EDUCAZIONE ALLA INTERCULTURALITA’

Quale miglior metodo da trasmettere ai bambini per educarli all’interculturalità se non il gioco?

Il miglior modo di imparare i giochi è quello di giocarli perché attraverso il gioco è possibile sperimentare modalità diverse e alternative di vita.

Il gioco consente di ribaltare gli schemi culturali vigenti attraverso la fantasia e la creatività dei bambini. Diceva Munari: “la semplicità è rivoluzionaria” e i bambini del Terzo Mondo si cimentano a utilizzare materiali grezzi proprio perché sono gli unici strumenti a loro a disposizione; e i bambini dei Paesi Ricchi rimangono incuriositi proprio perché non ci sono abituati.

Il discorso interculturale deve tener conto delle pluralità delle intelligenze.

Cos’ è il gioco se non esperienza umana specifica, se non autoconoscenza. E’ una dimensione fondamentale che fornisce un’opportunità di esperienze tra l’uomo e il bambino. E’ una scoperta del mondo entrare in relazione col proprio ambiente, con gli oggetti, con le persone che lo popolano.

Se pensiamo ai giochi degli indigeni Gahuku-Gama della Nuova Guinea riscontriamo sicuramente il gioco simile al nostro come il calcio: una palla molto rudimentale che fa fatica a rimbalzare ma efficace per lanciarla a debita distanza.

Se l’intercultura è l’insieme dei processi generati dalle interazioni fra culture diverse in un rapporto di scambio tra loro, nella prospettiva di arricchire appunto la propria cultura di riferimento deve assolutamente garantire quel diritto alla differenza.

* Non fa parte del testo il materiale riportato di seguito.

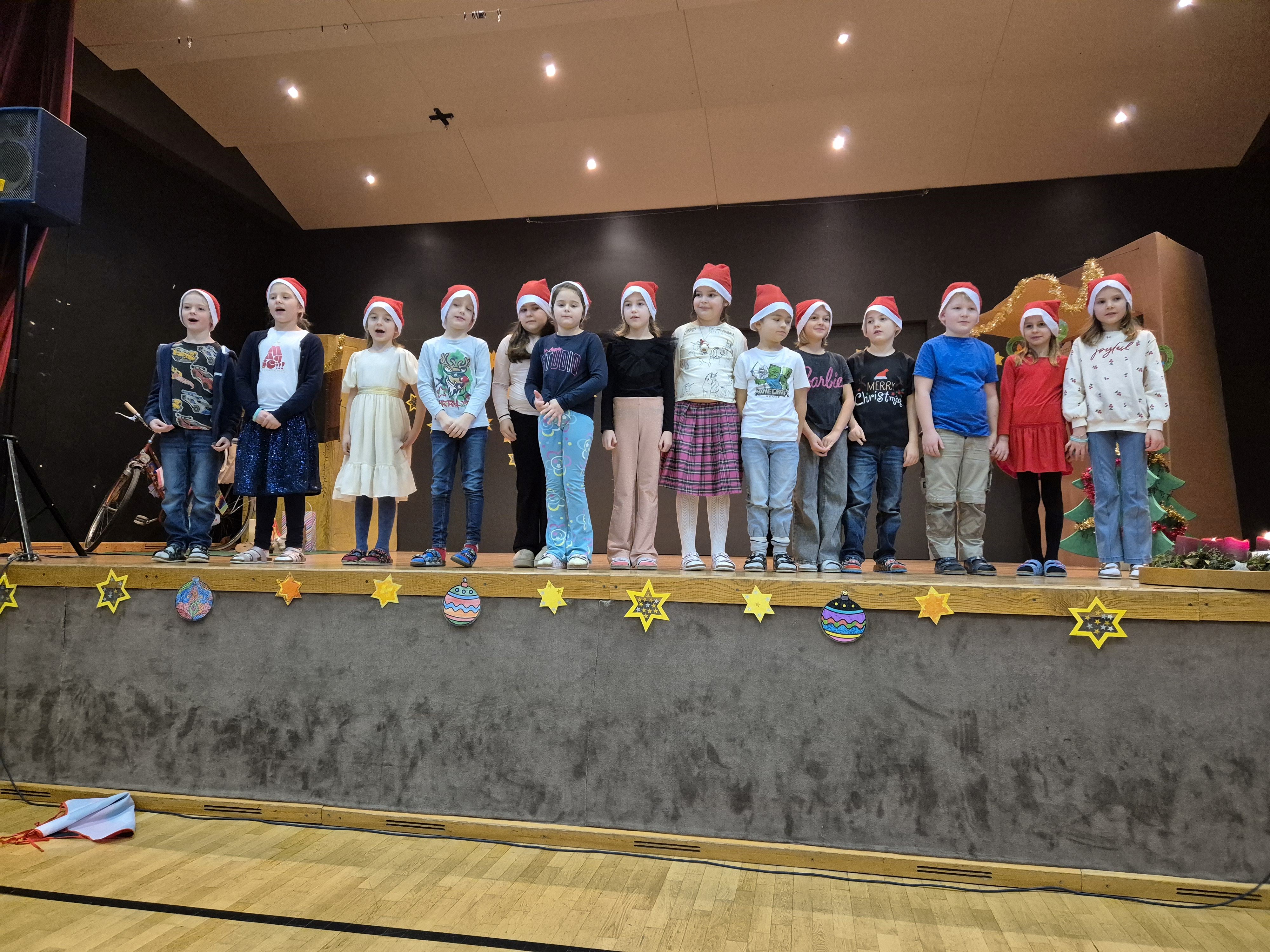 Im Zuge der Senioren-Weihnachtsfeier am 16. Dezember durften die Schülerinnen und Schüler der ersten und zweiten Klasse die Feier feierlich eröffnen. Mit stimmungsvollen Liedern, einem Gedicht sowie einem schwungvollen Tanz sorgten die Kinder für vorweihnachtliche Stimmung und bereiteten den Seniorinnen und Senioren große Freude. Die jungen Darstellerinnen und Darsteller begeisterten das Publikum mit ihrem engagierten und gelungenen Auftritt.

Educare all’interculturalità vuol dire educare ad una predisposizione alla curiosità verso l’altro e al dialogo, a imparare ad andare verso l’altro, a capire come l’altro vede le cose, come le vive. Saper ascoltare senza pregiudizi, al rispetto verso una curiosità sana e soprattutto di scambio. L’altro non è una cosa da studiare in un laboratorio. Così facendo si rischia di non allontanarsi dai pregiudizi altresì risulta essere fondamentale imparare ad interessarsi all’altro in quanto persona come noi anche se diversa sotto alcuni aspetti.

Nell’interpretazione dei giochi realizziamo che, tipologie di gioco come quelli del “mascheramento”e di “competizione” sono condivise da tutte le culture del mondo, legate alle tradizioni popolari ma anche al luogo in cui si gioca o si vive.

L’uso dell’immaginazione nell’educazione interculturale è vitale perché è l’unico modo di uscire dalla catalogazione e dagli stereotipi.

Il linguista e antropologo algerino Mouloud Mammeri scrittore e padre spirituale della rivendicazione berbera va fuori dagli schemi d’identità imposti dal potere politico in Algeria. Il suo essere aperto a tutte le culture del mondo, andando in giro per il mondo a fare conferenze lo portò ad essere criticato dagli estremisti berberi che non accettavano il fatto che lui andasse a dialogare con altre culture invece di promuovere esclusivamente la sua cultura berbera parlando solo la lingua berbera.

Mammari risponde con una frase bellissima: “E’ possibile che i ghetti rassicurino ma è sicuro che siano fonte di sterilità…solo chi come me ha interiorizzato la sua cultura d’origine può affrontare il mondo senza paura”.

Questa frase ricorda una canzone folk americana “show me the place where I don’t have to worry” (mostrami il luogo dove io non devo preoccuparmi). Un posto dove non si deve aver paura e dove non è importante se si sbaglia perché questo è il mondo del gioco.